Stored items
|---|
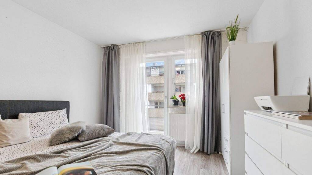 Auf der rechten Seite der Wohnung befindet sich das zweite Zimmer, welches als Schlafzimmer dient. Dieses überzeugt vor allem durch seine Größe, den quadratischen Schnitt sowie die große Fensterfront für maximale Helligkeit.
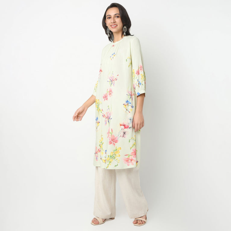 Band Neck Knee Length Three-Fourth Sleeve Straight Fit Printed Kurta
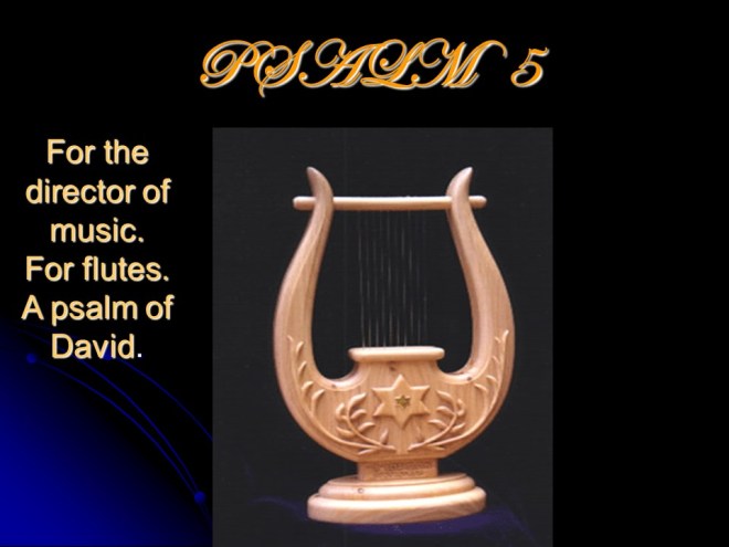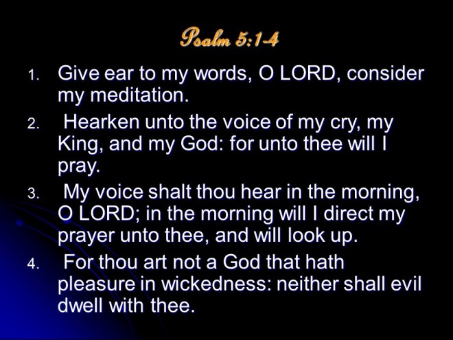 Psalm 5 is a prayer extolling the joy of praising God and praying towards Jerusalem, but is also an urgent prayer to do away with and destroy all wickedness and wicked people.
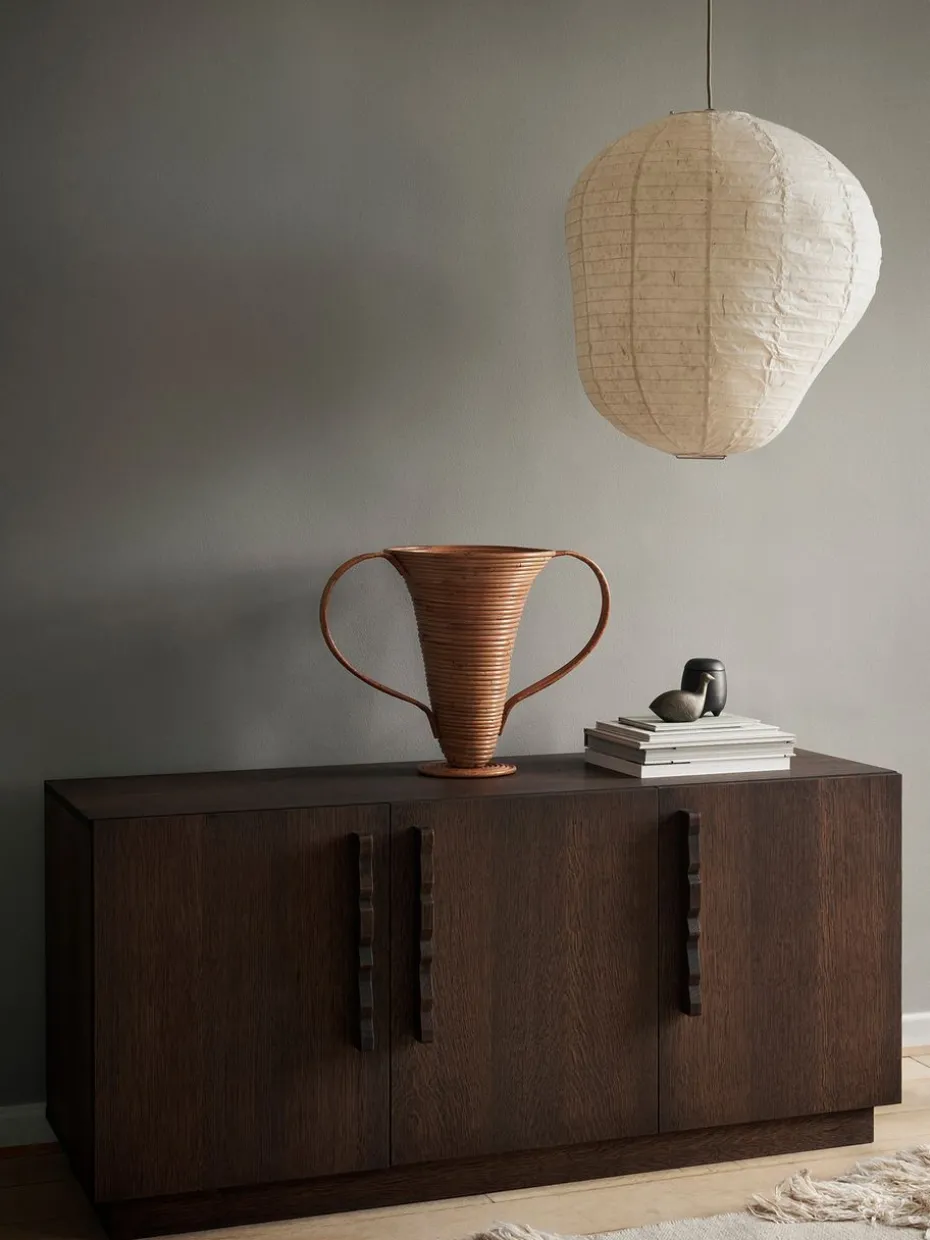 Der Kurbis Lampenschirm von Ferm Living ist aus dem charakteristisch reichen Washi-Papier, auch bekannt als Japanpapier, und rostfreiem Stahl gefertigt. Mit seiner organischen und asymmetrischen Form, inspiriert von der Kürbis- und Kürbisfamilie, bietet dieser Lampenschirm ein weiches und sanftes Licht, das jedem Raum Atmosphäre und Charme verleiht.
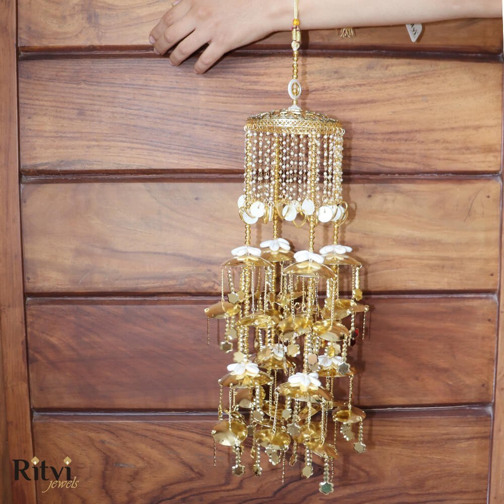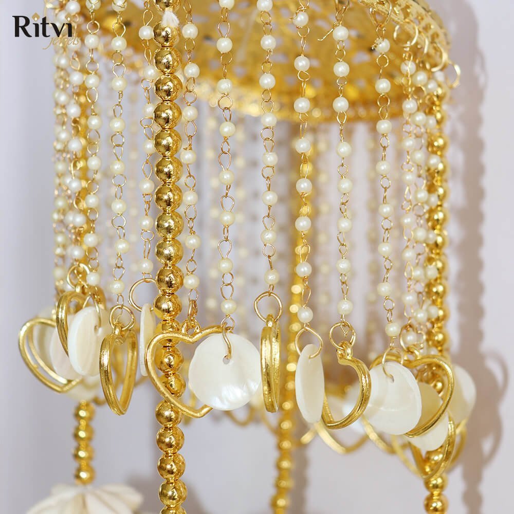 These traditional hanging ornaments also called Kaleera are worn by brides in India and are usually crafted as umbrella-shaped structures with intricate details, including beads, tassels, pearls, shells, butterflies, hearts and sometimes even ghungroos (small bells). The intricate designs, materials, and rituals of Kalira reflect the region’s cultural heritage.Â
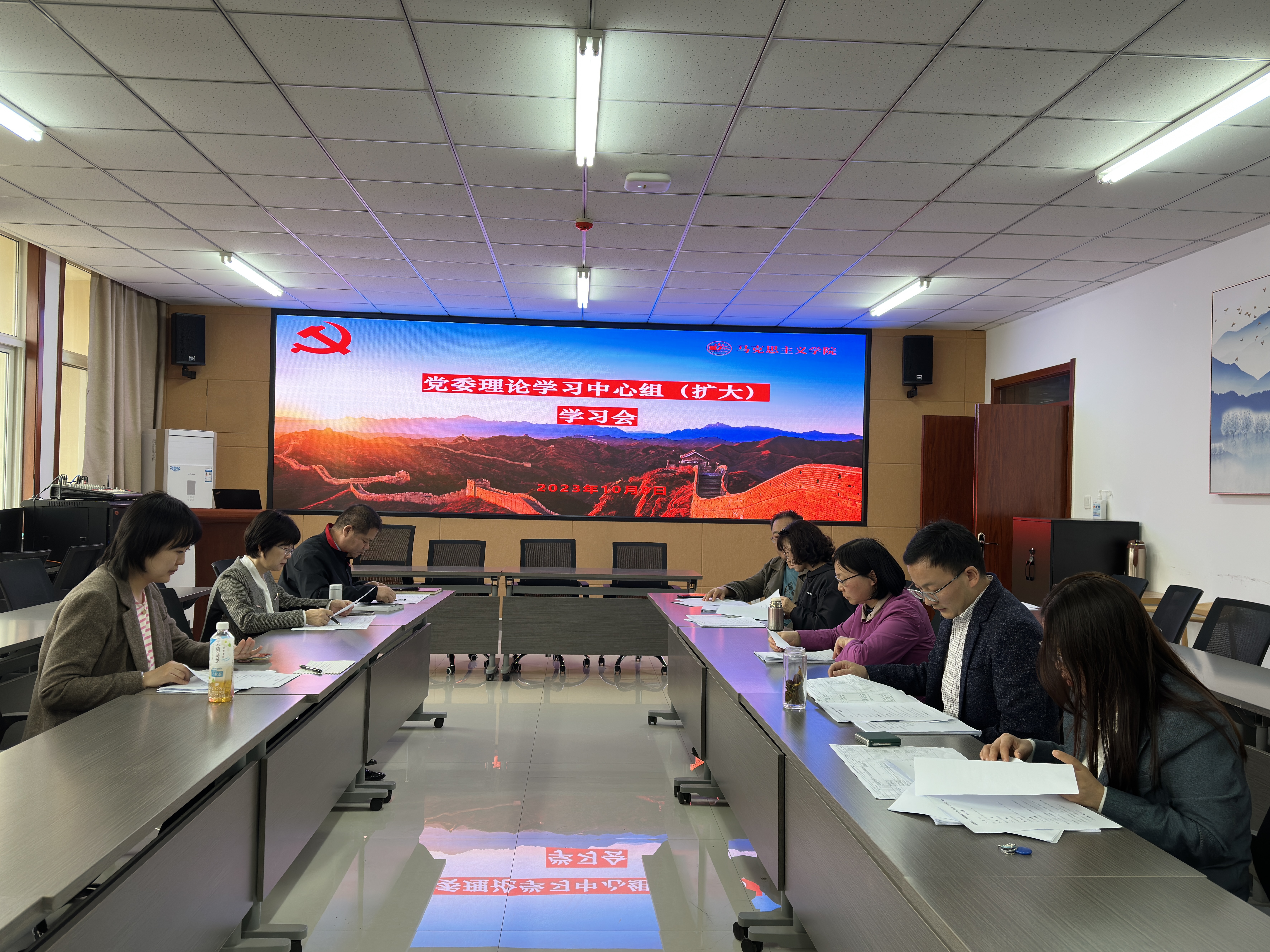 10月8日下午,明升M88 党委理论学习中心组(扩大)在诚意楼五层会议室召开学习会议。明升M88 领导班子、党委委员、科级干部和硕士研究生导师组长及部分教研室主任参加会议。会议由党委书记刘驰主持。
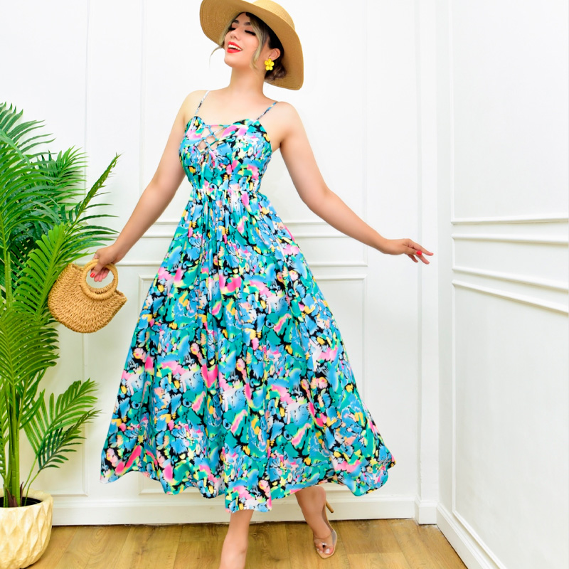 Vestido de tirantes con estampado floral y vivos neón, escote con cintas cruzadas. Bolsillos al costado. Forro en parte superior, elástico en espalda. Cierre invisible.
|---|
Try it: Each line above starting at the one holding "Band Neck Knee" and ending at the one holding "Psalm 5 is a" should be set down exactly as it stands, both ends included, with no pictures.

Result for this task:
 Band Neck Knee Length Three-Fourth Sleeve Straight Fit Printed Kurta
 Psalm 5 is a prayer extolling the joy of praising God and praying towards Jerusalem, but is also an urgent prayer to do away with and destroy all wickedness and wicked people.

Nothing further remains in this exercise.